CE inhibitors have been widely used and effective in treating hypertension and heart failure. AngII is also a factor that promotes the proliferation of vascular endothelial cells and vascular smooth muscle cells and causes arteriosclerosis.

[0003] Regarding the AngII production pathway, only ACE has conventionally been considered as an enzyme having an activity of converting angiotensin I (hereinafter abbreviated as AngI) to AngII. However, recently, besides ACE, chymase, an enzyme having an activity of converting AngI to AngII, has been found.
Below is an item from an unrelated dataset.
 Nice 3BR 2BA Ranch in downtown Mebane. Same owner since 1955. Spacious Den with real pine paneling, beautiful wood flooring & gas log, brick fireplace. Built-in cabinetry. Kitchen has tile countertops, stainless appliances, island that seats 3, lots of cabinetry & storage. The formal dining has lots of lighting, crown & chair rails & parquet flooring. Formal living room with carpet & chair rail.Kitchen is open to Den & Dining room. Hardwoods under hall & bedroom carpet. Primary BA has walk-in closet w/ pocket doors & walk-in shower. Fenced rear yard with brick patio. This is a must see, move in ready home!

Chymase is a serine protease belonging to the chymotrypsin family,
It is known that the function differs depending on the animal species (Scie
nce 271: 502-505 1996). Human, monkey, dog, and hamster chymase has the activity of converting AngI to AngII, but rat and mouse chymase cannot convert AngI to AngII.
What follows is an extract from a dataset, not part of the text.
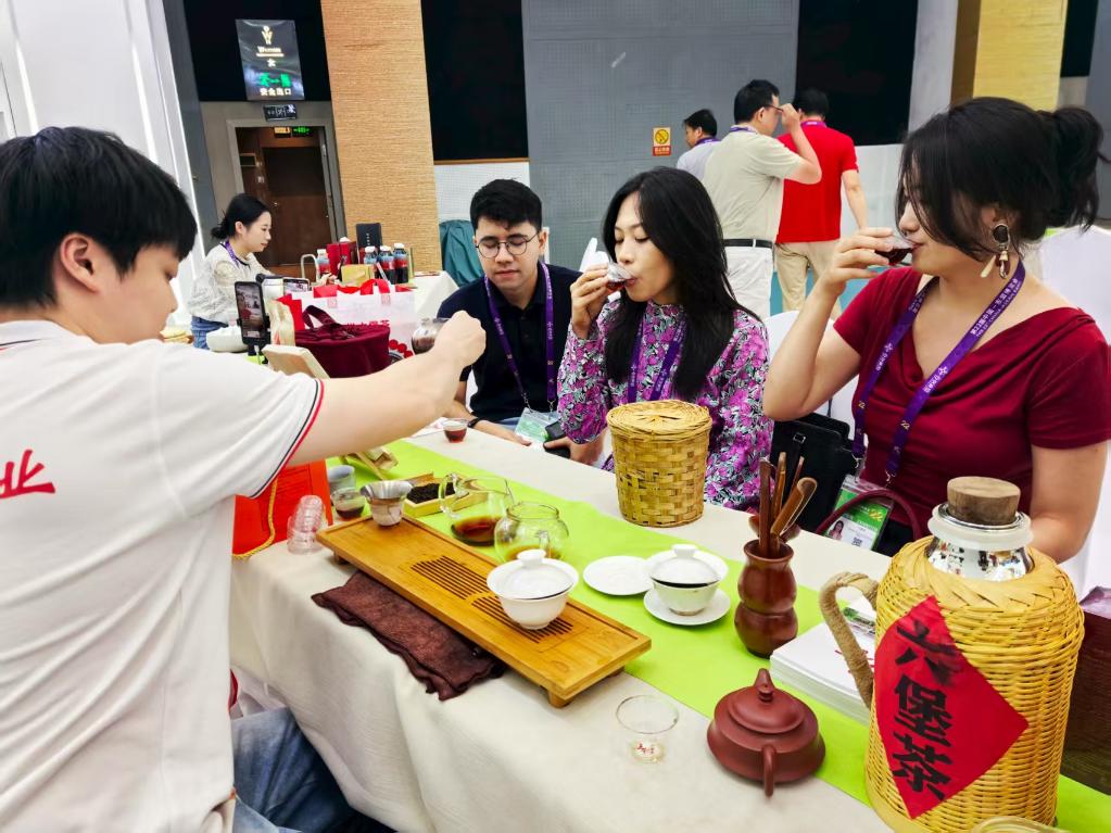 來自菲律賓的大學老師蘭朵拉·瑪甘(右二)第一次品嘗廣西六堡茶。新華社記者王楚然 攝
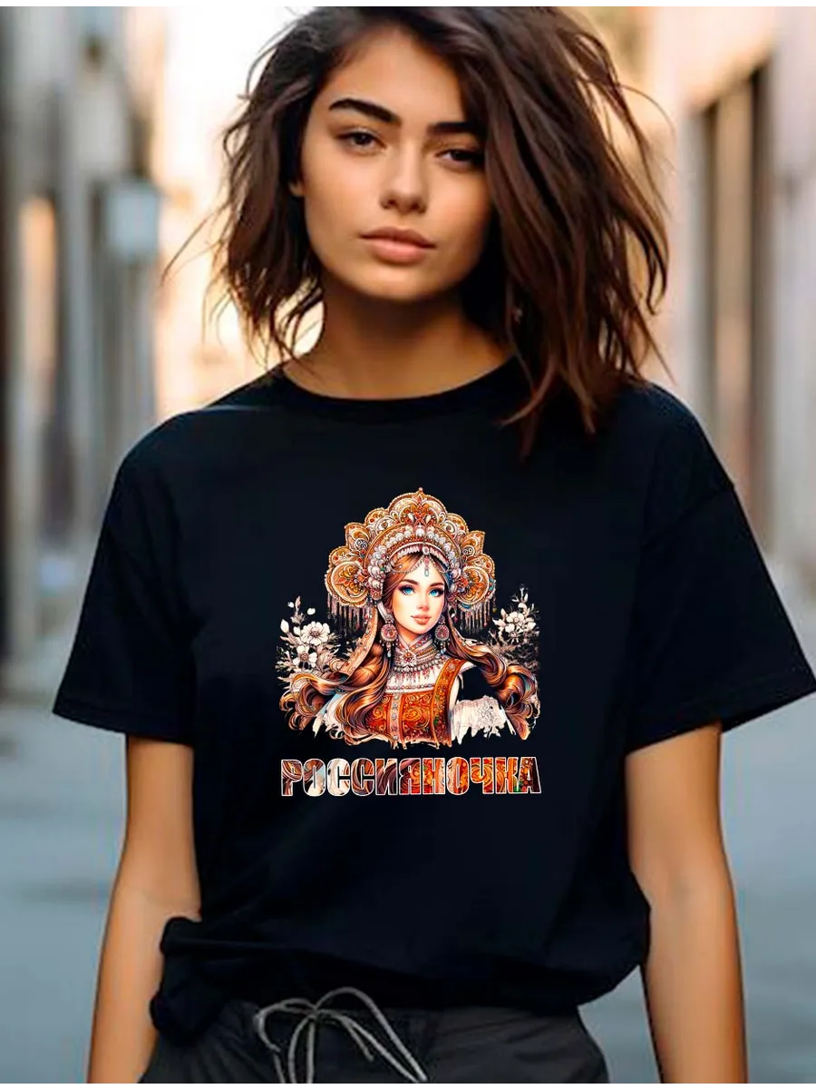 Футболка с матрешкой от бренда «Просто Марка» — это стильный и оригинальный подарок для любой девушки. Изготовленная из 100% хлопка, она подарит вам комфорт и приятные тактильные ощущения. Яркий дизайн с изображением рыжей матрешки, украшенной символикой России, станет настоящим акцентом вашего образа. Эта футболка отлично подойдет для вечеринок, встреч с друзьями или просто для прогулок по городу. Благодаря универсальному дизайну, она прекрасно впишется в любой гардероб и станет любимой вещью на каждый день.

[0004] As described above, in humans, a new AngII production pathway independent of ACE and independent of chymase exists independently. 80% of AngII produced in human heart and vasculature
It has been reported that this is due to chymase, not ACE (J. Biol. Chem. 265: 22348-22357).
1990). Chymase is also involved in the activation of collagenase in addition to AngII (J. Biol. Chem. 269).
18134-18140, 1994).

[0005] If there is a drug capable of specifically inhibiting chymase, the production of AngII independent of ACE can be suppressed.
It can be expected to be effective in the prevention and treatment of all diseases caused by gII (heart and cardiovascular diseases).

In particular, since human chymase is abundant in the heart, the production of AngII in the heart is to a large extent,
It is thought to be dependent on chymase. AngII in the heart
Problems of the effects include arteriosclerosis described above, intravascular restenosis due to intimal thickening after percutaneous coronary angioplasty (hereinafter abbreviated as PTCA), proliferation of cardiomyocytes and stromal cells and extracellular Ventricular remodeling due to matrix production. Chymase inhibitors can be expected to be effective in preventing and treating these. However, no clinically applicable drug capable of specifically inhibiting chymase has been established.

[0007] Patent WO9325 relating to inhibition of chymase
574 (Applicant PFIZER INC.), WO9604248 (Applicant SUNTORY LT
D), JP 312354/94 (applicant WAKAMOTOLTD), and WO9633974 (applicant THE GREEN CROSS CORP.). The compounds of PFIZERINC. Are peptidic.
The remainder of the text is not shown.